### WHAT IS EXPECTED:
Stop at the line containing "1. Để thực hiện": write out every line from the beginning of the entries up to and including it, minus the pictures.

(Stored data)
※ ※ ※
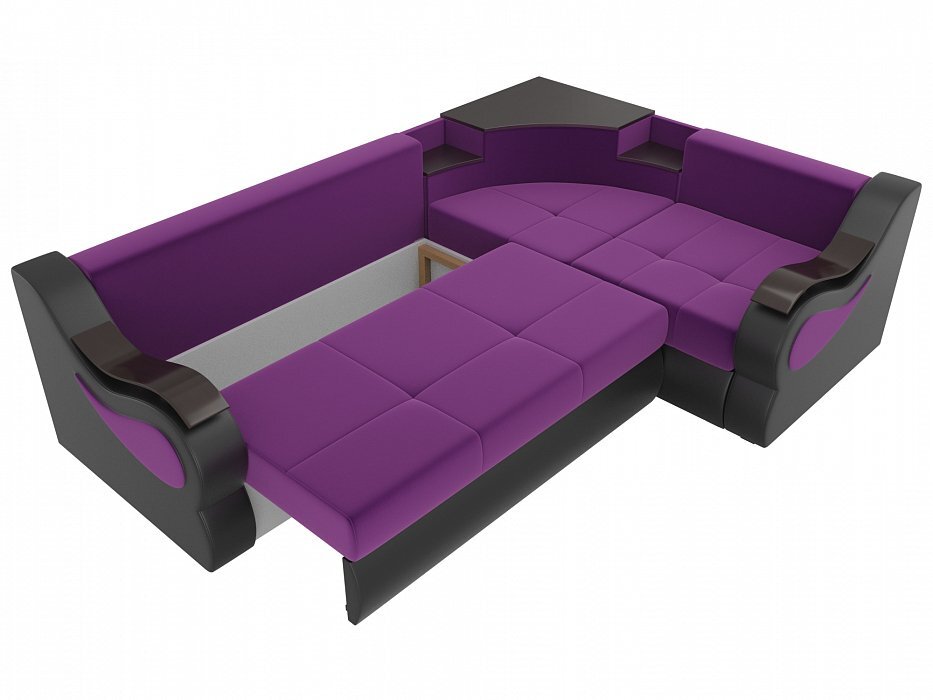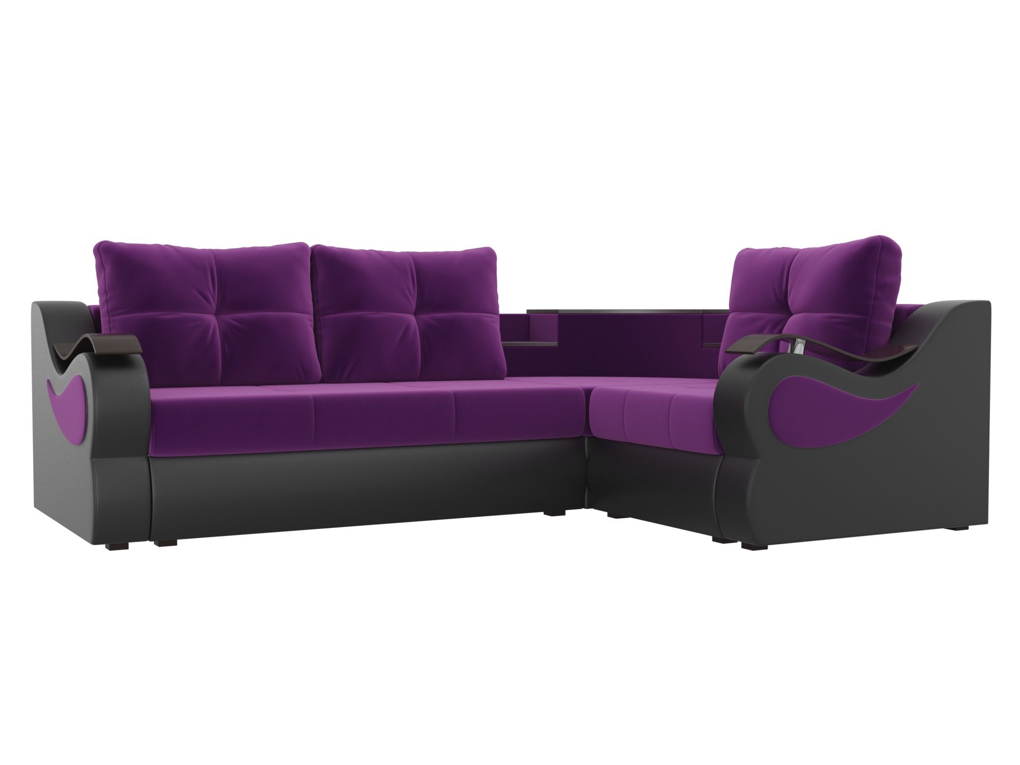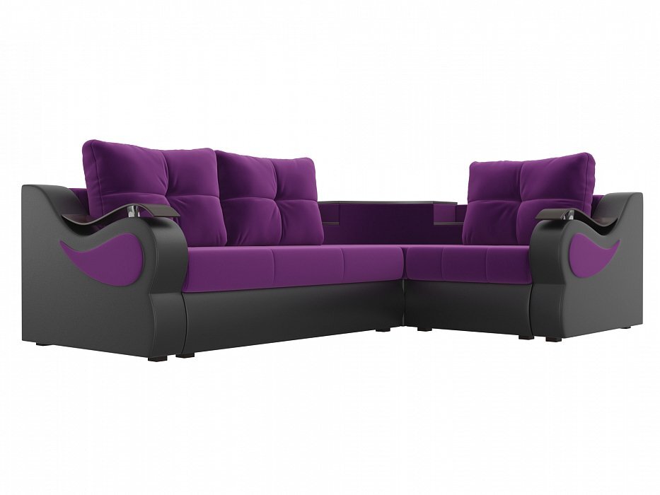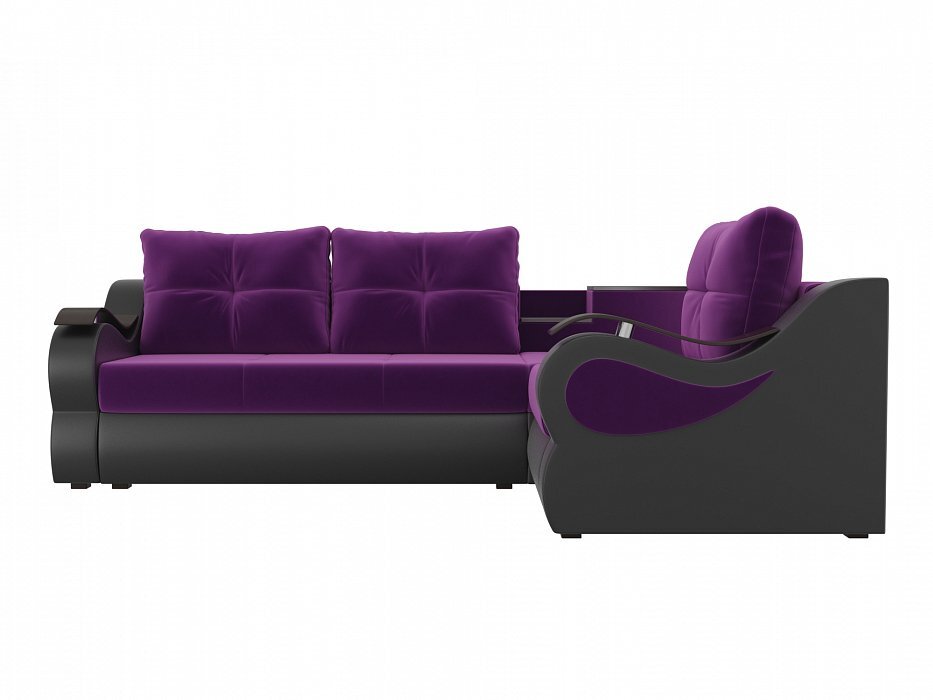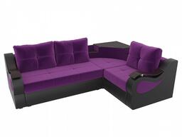 Угловой диван Митчелл Микровельвет\Экокожа Фиолетовый\Черный
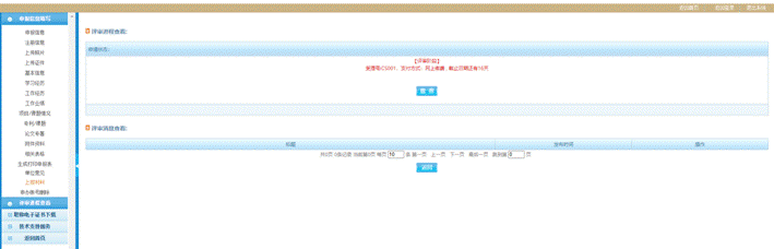 【评审进程查看】-[申报阶段]显示【受理号XXX,支付方式:网上缴费,截至日期还有XX天。】说明评委会已审核材料并通过,申报人可进行网上缴费。(此状态说明申报人系统审核已通过,等待评委会通知面试答辩即可。
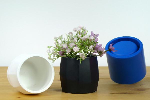 Silicone mold for multiple use: one-piece seamless mould to cast medium geometric pot with thinner walls.
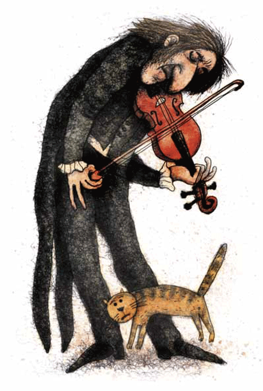 Итак, шагает себе скрипач по дороге, идет из деревни в деревню играть на свадьбах, да вдруг проваливается в ад. Со скрипачами такое случается в русских сказках, скрипачи, старухи и кошки легко как-то перемещаются между мирами. И там, в аду скрипач встречает богача, который зарыл два сундука у ворот своего дома, да так и умер, никому не рассказав о кладе. И это катастрофа: если бы деньги достались наследникам, участь богача на том свете была бы не столь ужасна, но тех, кто удерживает свое богатство и после смерти, нéнаши пытают люто.
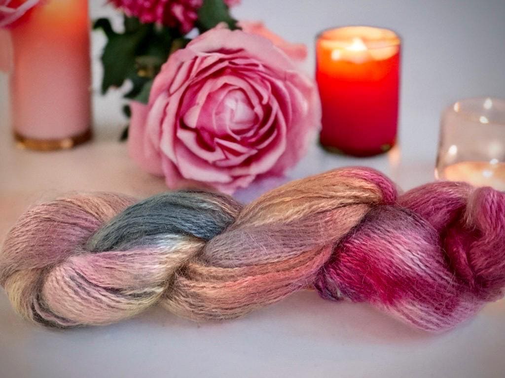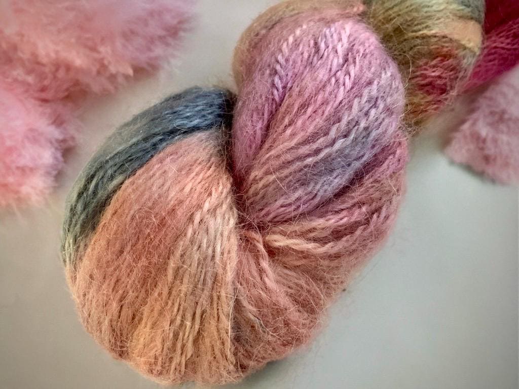 Feather-light, cuddly kid mohair wool with silk, hand-dyed in my studio in beautiful shades.
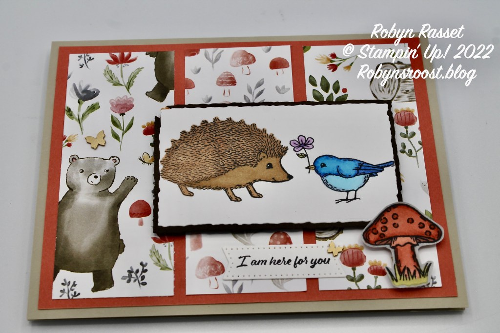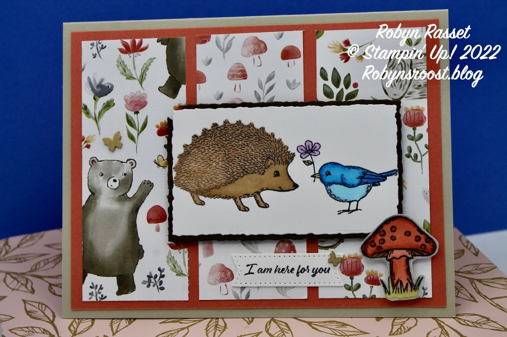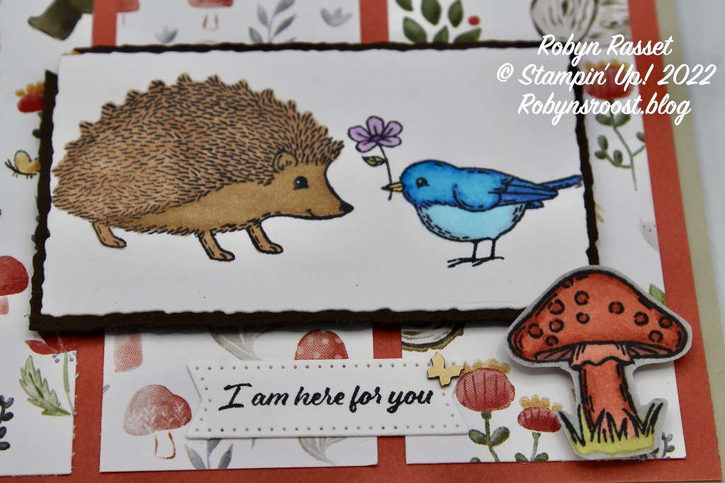 For today’s card, I’ve combined the Happy Forest Friends Designer Series Paper with the Happy Hedgehogs stamps. The Happy Forest Friends Suite is found on pages 46-47 of the 2022-2023 Annual Stampin’ Up! Catalog. It’s a fun whimsical nature suite with stamps of an owl, bear and fox as well as mushrooms and tree stumps. It’s one of the stamp sets that I haven’t gotten yet, but I did have to have the designer paper. The Happy Hedgehogs fit right in with the Happy Forest Friends DSP.
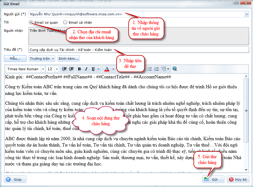 1. Để thực hiện được chức năng gửi email, mỗi nhân viên kinh doanh đều phải thực hiện trước chức năng Thiết lập tài khoản email trên menu Hệ thống. 2. Nhân viên kinh doanh có thể lấy nhanh thông tin địa chỉ email người liên hệ của khách hàng hàng để phục vụ cho việc gửi thư trên các công cụ gửi thư khác như: Yahoo, Gmail, Thunderbird... => chọn khách hàng tiềm năng tại màn hình danh sách sau đó nhấn chuột phải và chọn chức năng Tiện ích\Sao địa chỉ Email.
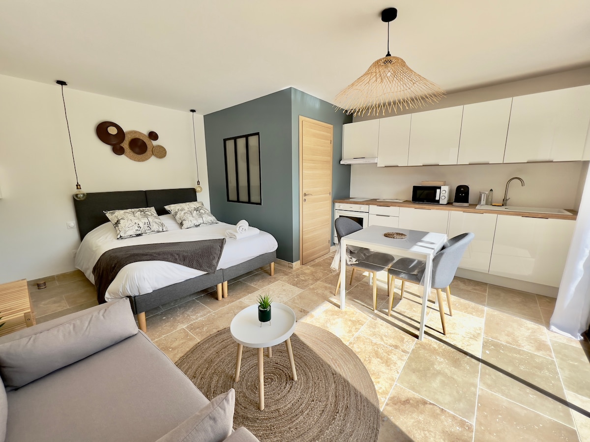 3 km from Aubagne and its santonniers, 30 minutes from Aix-en-Pce and its historic center, 30 minutes from Marseille and Mucem, 30 minutes from Cassis and its Calanques and 20 minutes from La Ciotat and beaches, our small Provençal house of 35 m2 is comfortable and cozy, with its parking, its loggia, its pretty shaded garden of 1000 m2 and its breathtaking view of the hills. Located opposite the site of La Font de Mai you can also discover all the hiking trails of Pagnol around Garlaban .
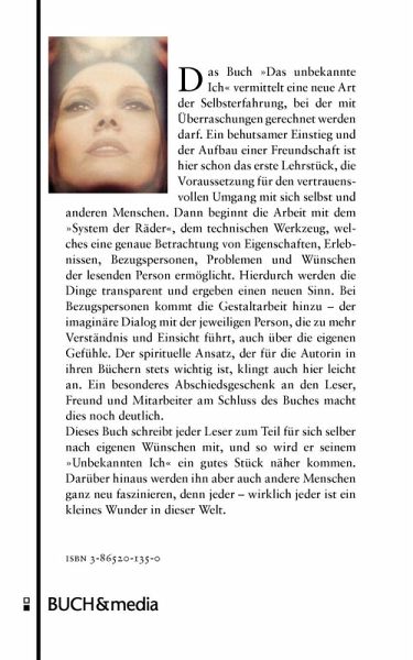 Das Buch"Das unbekannte Ich"vermittelt eine neue Art der Selbsterfahrung, bei der mit Überraschungen gerechnet werden darf. Ein behutsamer Einstieg und der Aufbau einer Freundschaft ist hier schon das erste Lehrstück, die Voraussetzung für den vertrauensvollen Umgang mit sich selbst und anderen Menschen. Dann beginnt die Arbeit mit dem"System der Räder", dem technischen Werkzeug, welches eine genaue Betrachtung von Eigenschaften, Erlebnissen, Bezugspersonen, Problemen und Wünschen der lesenden Person ermöglicht. Hierdurch werden die Dinge transparent und ergeben einen neuen Sinn. Bei Bezugspersonen kommt die Gestaltarbeit hinzu - der imaginäre Dialog mit der jeweiligen Person, die zu mehr Verständnis und Einsicht führt, auch über die eigenen Gefühle. Der spirituelle Ansatz, der für die Autorin in ihren Büchern stets wichtig ist, klingt auch hier leicht an. Ein besonderes Abschiedsgeschenk an den Leser, Freund und Mitarbeiter am Schluss des Buches macht dies noch deutlich.
※ ※ ※
### WRITTEN ANSWER:
 Угловой диван Митчелл Микровельвет\Экокожа Фиолетовый\Черный
 【评审进程查看】-[申报阶段]显示【受理号XXX,支付方式:网上缴费,截至日期还有XX天。】说明评委会已审核材料并通过,申报人可进行网上缴费。(此状态说明申报人系统审核已通过,等待评委会通知面试答辩即可。
 Silicone mold for multiple use: one-piece seamless mould to cast medium geometric pot with thinner walls.
 Итак, шагает себе скрипач по дороге, идет из деревни в деревню играть на свадьбах, да вдруг проваливается в ад. Со скрипачами такое случается в русских сказках, скрипачи, старухи и кошки легко как-то перемещаются между мирами. И там, в аду скрипач встречает богача, который зарыл два сундука у ворот своего дома, да так и умер, никому не рассказав о кладе. И это катастрофа: если бы деньги достались наследникам, участь богача на том свете была бы не столь ужасна, но тех, кто удерживает свое богатство и после смерти, нéнаши пытают люто.
 Feather-light, cuddly kid mohair wool with silk, hand-dyed in my studio in beautiful shades.
 For today’s card, I’ve combined the Happy Forest Friends Designer Series Paper with the Happy Hedgehogs stamps. The Happy Forest Friends Suite is found on pages 46-47 of the 2022-2023 Annual Stampin’ Up! Catalog. It’s a fun whimsical nature suite with stamps of an owl, bear and fox as well as mushrooms and tree stumps. It’s one of the stamp sets that I haven’t gotten yet, but I did have to have the designer paper. The Happy Hedgehogs fit right in with the Happy Forest Friends DSP.
 1. Để thực hiện được chức năng gửi email, mỗi nhân viên kinh doanh đều phải thực hiện trước chức năng Thiết lập tài khoản email trên menu Hệ thống. 2. Nhân viên kinh doanh có thể lấy nhanh thông tin địa chỉ email người liên hệ của khách hàng hàng để phục vụ cho việc gửi thư trên các công cụ gửi thư khác như: Yahoo, Gmail, Thunderbird... => chọn khách hàng tiềm năng tại màn hình danh sách sau đó nhấn chuột phải và chọn chức năng Tiện ích\Sao địa chỉ Email.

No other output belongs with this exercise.